In this context, Peña Nieto has had to emphasize several times to his Mexican constituents “Pemex will not be sold, nor privatized” and will still be Mexican.

Popular opinion aside, serious doubts remain as to whether these changes, significant as they may be, will have the desired effect of attracting new foreign capital, drawing foreign expertise for deepwater and shale gas drilling and altering the structure of PEMEX as a company so as to ensure the government does not exploit it to pay for budget deficits.

As Forbes reported last month, investors remain suspicious of the Peña Nieto package. Even though companies such as Exxon Mobil, Shell, BP, and Chevron want to pursue opportunities south of the border, they would prefer a reform package that allows for outright ownership of fossil fuel resources. Instead, the Peña Nieto package provides for profit-sharing of the cash equivalent of any oil in the drilling and refining procedures.

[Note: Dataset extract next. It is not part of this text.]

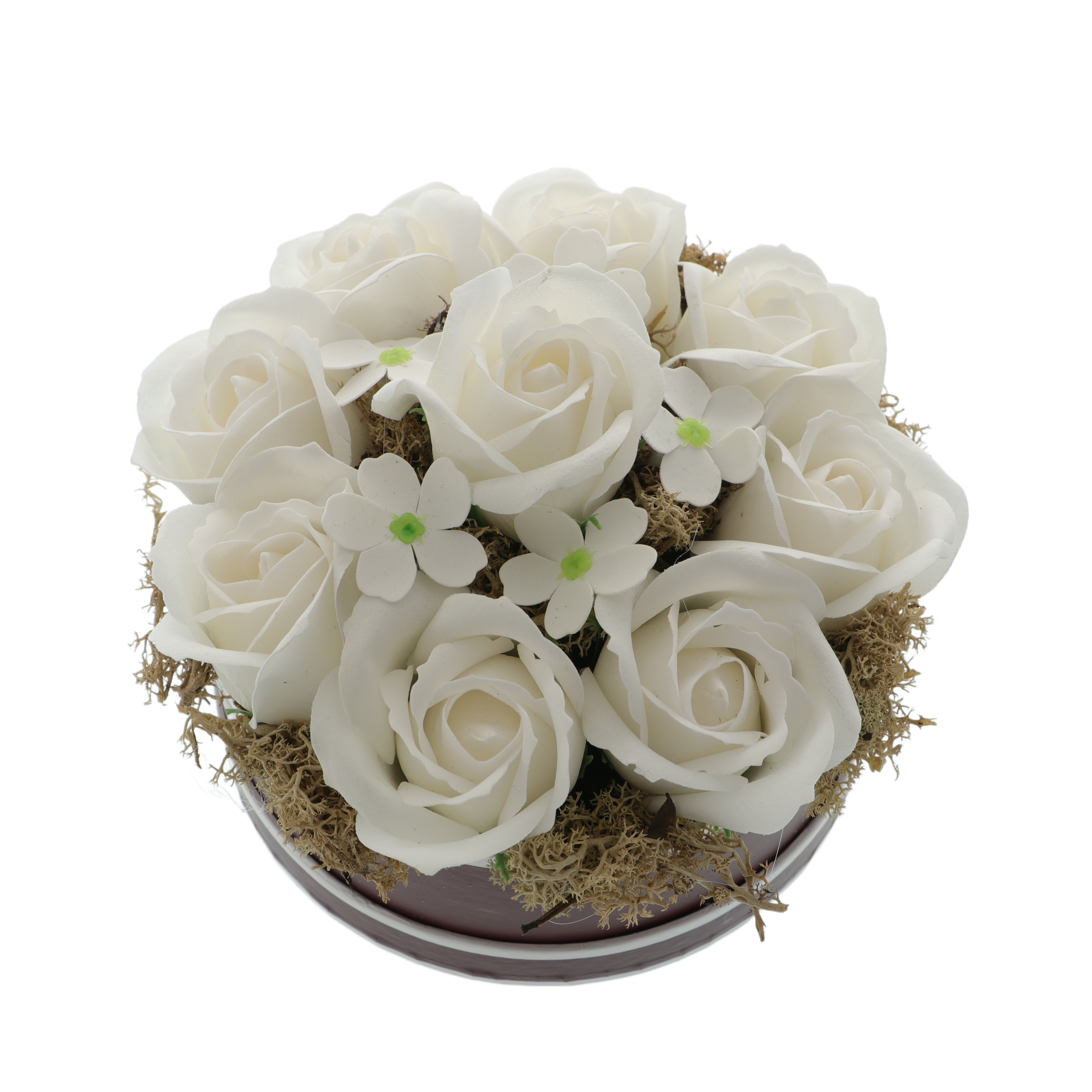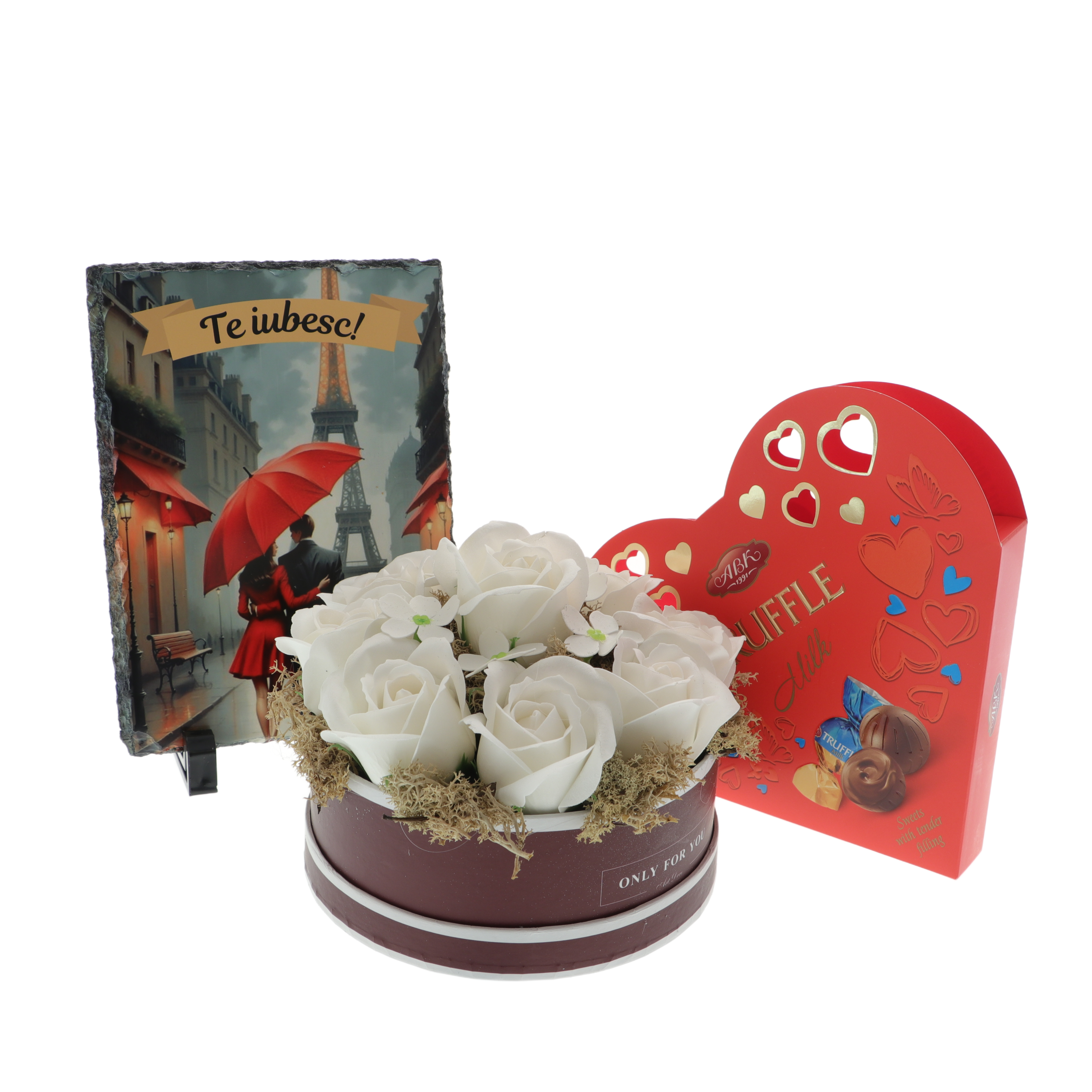 Complementar, setul include un aranjament floral elegant din trandafiri albi de săpun, care păstrează frumusețea și parfumul trandafirilor pentru mult timp, și o cutie de praline de ciocolată, pentru momente dulci împreună.
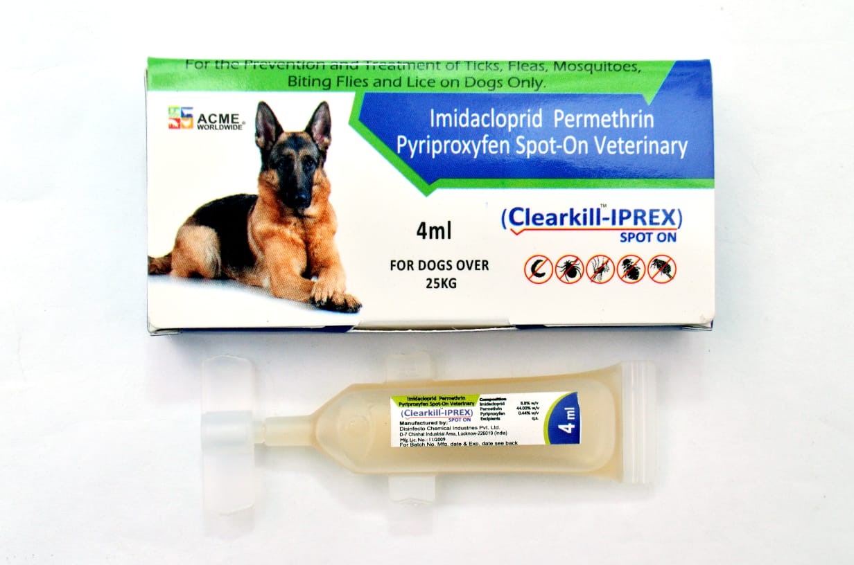 Clearkill Iprex Spot On is used for treatment of Flea Allergy Dermatitis (FAD) in Dogs by rapidly killing fleas and reducing such incidence.

Just as importantly, Peña Nieto’s package does not address corruption at PEMEX and its continued role as a cash cow the Mexican government uses to plug its annual deficits.

Reform may be necessary in Mexico, but it remains a heavy lift politically, and it is unclear that this reform package will achieve the desired goals.  Peña Nieto appears to understand the context in which he is working, but these reforms will have an impact for years to come.  Peña Nieto should ensure he gets it right so that failed reform does not become worse than no reform at all.